--- How to complete this task ---
Without including pictures, set down every record exactly as it stands.

++++ Entries supplied ++++

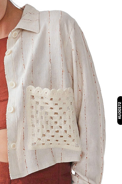 • Sivri Yakalı Çizgili Aplikeli Yan Cepli Düğmeli Kız Çocuk Gömlek 8-14 Yaş 36338
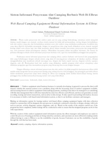 Usaha penyewaan alat outdoor yang saat ini sedang berkembang, namun secara umum pengelolaan datanya masih dilakukan secara manual. Pada awal nya sistem manual tersebut bukan jadi masalah, namun seiring dengan bertambah banyaknya jumlah alat outdoor yang dimiliki dan bertambahnya jumlah penyewa yang melakukan transaksi, mengakibatkan data data yang dikelola semakin besar, dengan demikian pengelolaan data dengan cara manual menjadi tidak efektif dan efisien lagi, sehingga untuk menjamin keakuratan dalam pencatatan transaksi penyewaan dan pengembalian serta keamanan dalam peyimpanan data. Dibutuhkan kecepatan dalam penyajian informasi,oleh karena itu perlu di bangun sebuah sistem informasi penyewaan alat outdoor berbasis web, agar bisa memudahkan pelanggan dan pengelola. Pembuatan sistem informasi penyewaan alat camping elbrus outdoor berbasis web ini diawali dengan pengumpulan data yang berkaitan dengan sistem yang akan di bangun, kemudian dilakukan analisis, dan dilanjutkan dengan mendesain sistem dengan metode objek, dengan alat bantu seperti usecase, diagram activity, squance diagram, uml, dll. Berdasarkan hasil dari analisis yang dilakukan, setelah program selesai kemudian akan dilakukan pengujian untuk memastikan bahwa program yang dibuat telah sesuai dengan yang diharapkan. Dengan dibuatnya sistem informasi penyewaan alat-alat outdoor ini pihak pengelola dan karyawan elbrus lebih mudah untuk mengontrol proses penyewaan barang yang sedang di sewa oleh pelanggan, dan pelanggan pun lebih efisien dalam melakukan penyewaan tanpa harus datang ke elbrus nya lasngung untuk melihat ketersediaan barang, karena pelanggan bisa melihat ketersediaan barang melalu web yang telah dibuat.
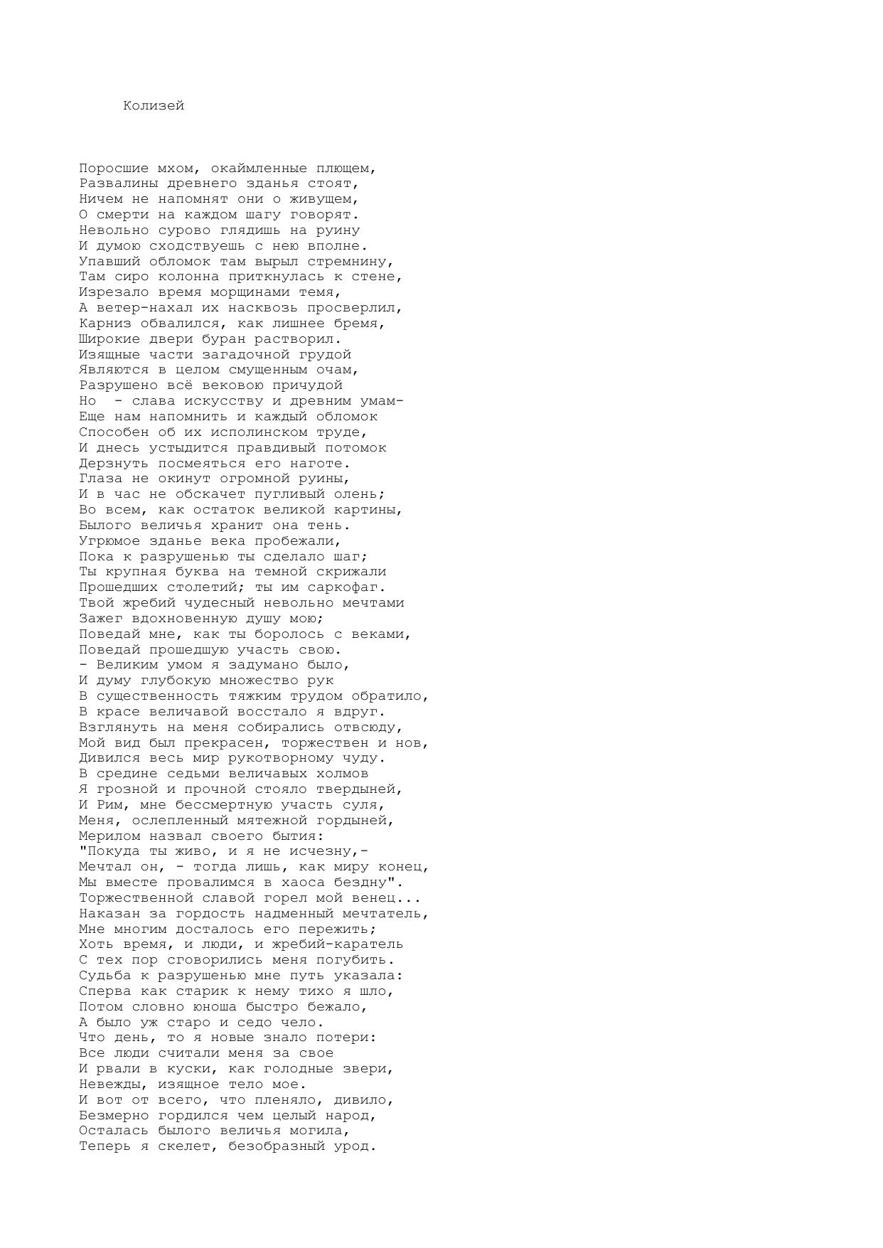 Колизей (Поросшие мхом, окаймленные плющем...)
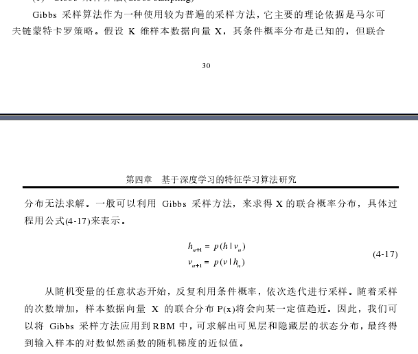- 使用采样法中,吉布斯采样根据全局的条件概率已知,但联合分布不知,使用马尔可夫链进行N步采样,最终联合分布趋于一个稳定值,作为最后的全局值用在梯度更新中。(每次更新都需要进行N次吉布斯采样)
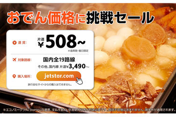 ジェットスター、国内全路線が片道508円の「おでん価格に挑戦!セール」
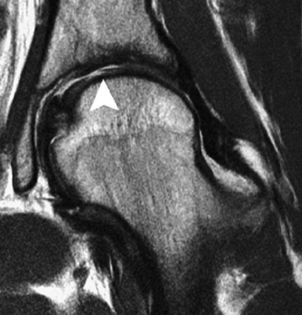 FIGURE 7.16 ● Coronal fast spin-echo MR image of the hip in a 28-year-old patient with active cartilage delamination and flap formation (arrowhead) over the weight-bearing aspect of the femoral head.
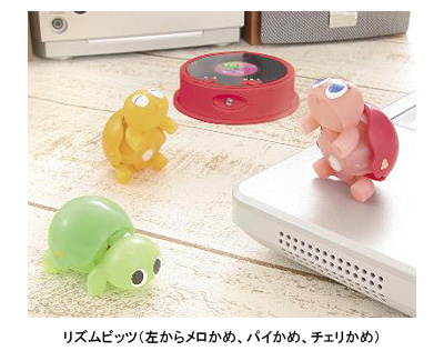 「リズムビッツ」は、音の高低を聞き分け、高音だと前方へ低音だと後方へ、トコトコお尻をふりながら踊るカメ型ペットロボット。レコード盤の形をした付属の赤外線コントローラが音をキャッチし、高音・低音を解析。これを赤外線に変換して「リズムビッツ」に信号を送信すると踊り始める。
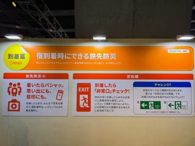 こうした課題に対応するため、“いつものスマホで、もしもに備える”をテーマに、身近なスマホで手軽に備えることができる防災対策の紹介や、旅への防災意識をチェックできる体験場『旅先防災案内所』解説。

++++

--- Solution to the problem ---
 • Sivri Yakalı Çizgili Aplikeli Yan Cepli Düğmeli Kız Çocuk Gömlek 8-14 Yaş 36338
 Usaha penyewaan alat outdoor yang saat ini sedang berkembang, namun secara umum pengelolaan datanya masih dilakukan secara manual. Pada awal nya sistem manual tersebut bukan jadi masalah, namun seiring dengan bertambah banyaknya jumlah alat outdoor yang dimiliki dan bertambahnya jumlah penyewa yang melakukan transaksi, mengakibatkan data data yang dikelola semakin besar, dengan demikian pengelolaan data dengan cara manual menjadi tidak efektif dan efisien lagi, sehingga untuk menjamin keakuratan dalam pencatatan transaksi penyewaan dan pengembalian serta keamanan dalam peyimpanan data. Dibutuhkan kecepatan dalam penyajian informasi,oleh karena itu perlu di bangun sebuah sistem informasi penyewaan alat outdoor berbasis web, agar bisa memudahkan pelanggan dan pengelola. Pembuatan sistem informasi penyewaan alat camping elbrus outdoor berbasis web ini diawali dengan pengumpulan data yang berkaitan dengan sistem yang akan di bangun, kemudian dilakukan analisis, dan dilanjutkan dengan mendesain sistem dengan metode objek, dengan alat bantu seperti usecase, diagram activity, squance diagram, uml, dll. Berdasarkan hasil dari analisis yang dilakukan, setelah program selesai kemudian akan dilakukan pengujian untuk memastikan bahwa program yang dibuat telah sesuai dengan yang diharapkan. Dengan dibuatnya sistem informasi penyewaan alat-alat outdoor ini pihak pengelola dan karyawan elbrus lebih mudah untuk mengontrol proses penyewaan barang yang sedang di sewa oleh pelanggan, dan pelanggan pun lebih efisien dalam melakukan penyewaan tanpa harus datang ke elbrus nya lasngung untuk melihat ketersediaan barang, karena pelanggan bisa melihat ketersediaan barang melalu web yang telah dibuat.
 Колизей (Поросшие мхом, окаймленные плющем...)
- 使用采样法中,吉布斯采样根据全局的条件概率已知,但联合分布不知,使用马尔可夫链进行N步采样,最终联合分布趋于一个稳定值,作为最后的全局值用在梯度更新中。(每次更新都需要进行N次吉布斯采样)
 ジェットスター、国内全路線が片道508円の「おでん価格に挑戦!セール」
 FIGURE 7.16 ● Coronal fast spin-echo MR image of the hip in a 28-year-old patient with active cartilage delamination and flap formation (arrowhead) over the weight-bearing aspect of the femoral head.
 「リズムビッツ」は、音の高低を聞き分け、高音だと前方へ低音だと後方へ、トコトコお尻をふりながら踊るカメ型ペットロボット。レコード盤の形をした付属の赤外線コントローラが音をキャッチし、高音・低音を解析。これを赤外線に変換して「リズムビッツ」に信号を送信すると踊り始める。
 こうした課題に対応するため、“いつものスマホで、もしもに備える”をテーマに、身近なスマホで手軽に備えることができる防災対策の紹介や、旅への防災意識をチェックできる体験場『旅先防災案内所』解説。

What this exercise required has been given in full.